### WHAT YOU ARE ASKED TO DO
Apart from the pictures, every line below needs to be reproduced verbatim.

### INFORMATION SHOWN
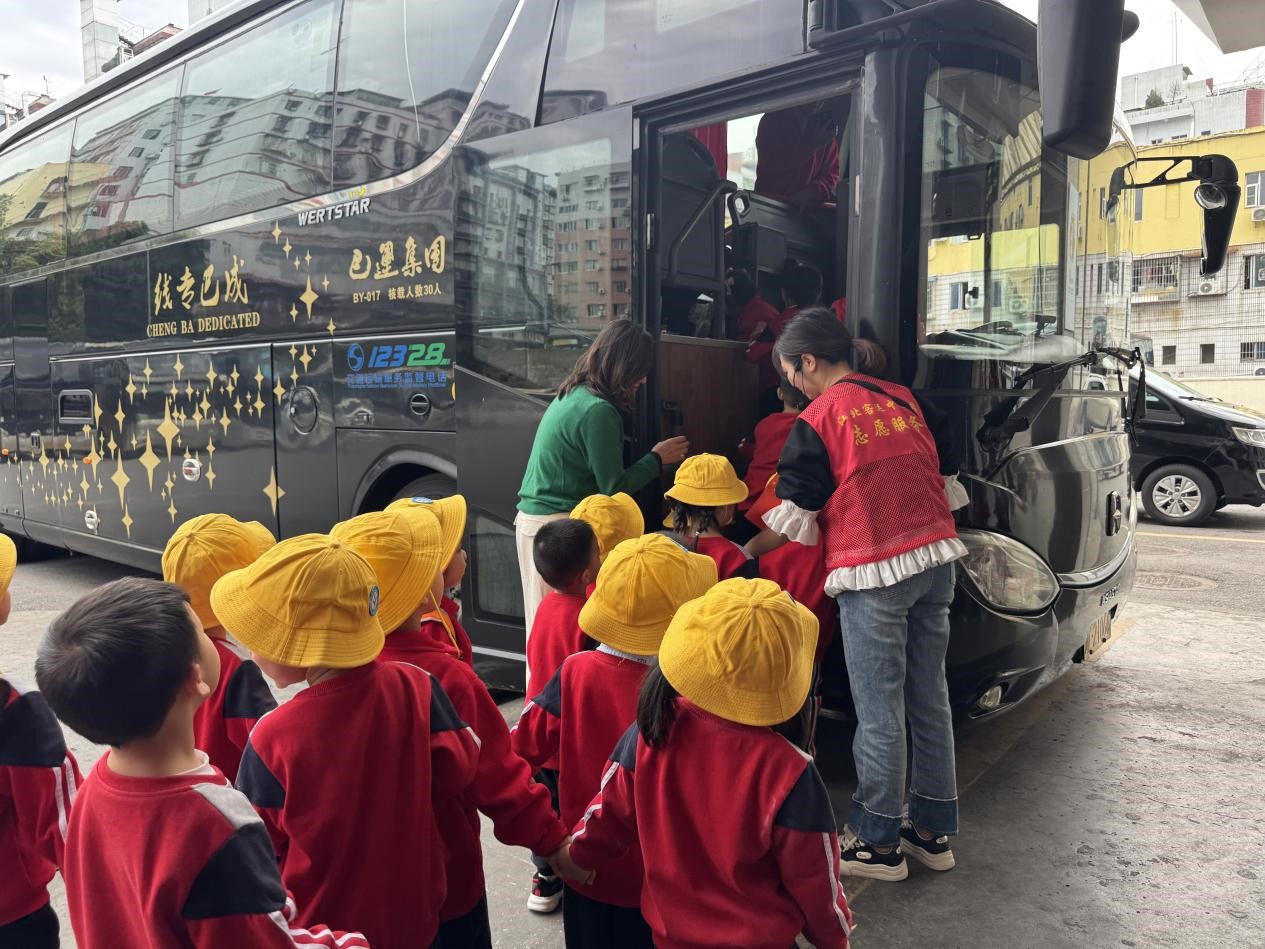 (图为:小朋友正在排队上车)
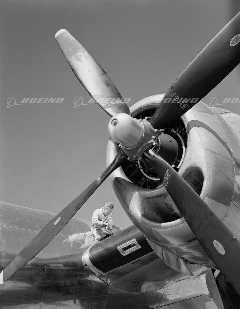Mechanic Servicing a B-29 Superfortress, Dwarfed by Propeller
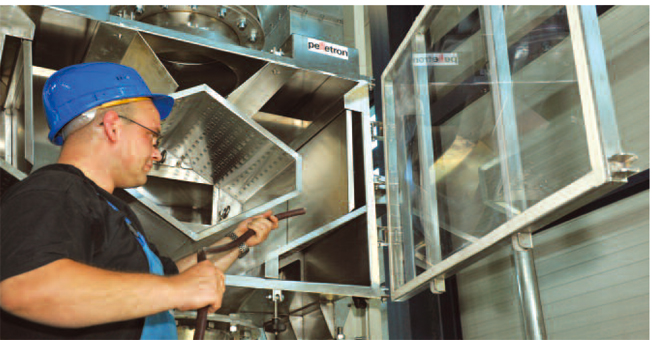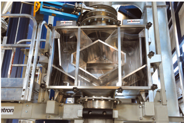 Fig. 1: Handling up to 36 tonnes of pellets per hour,the efficient dedusting unit consistently reduces the dust levels to less than 30 ppm.

### ANSWER TO THIS EXERCISE
 (图为:小朋友正在排队上车)
Mechanic Servicing a B-29 Superfortress, Dwarfed by Propeller
 Fig. 1: Handling up to 36 tonnes of pellets per hour,the efficient dedusting unit consistently reduces the dust levels to less than 30 ppm.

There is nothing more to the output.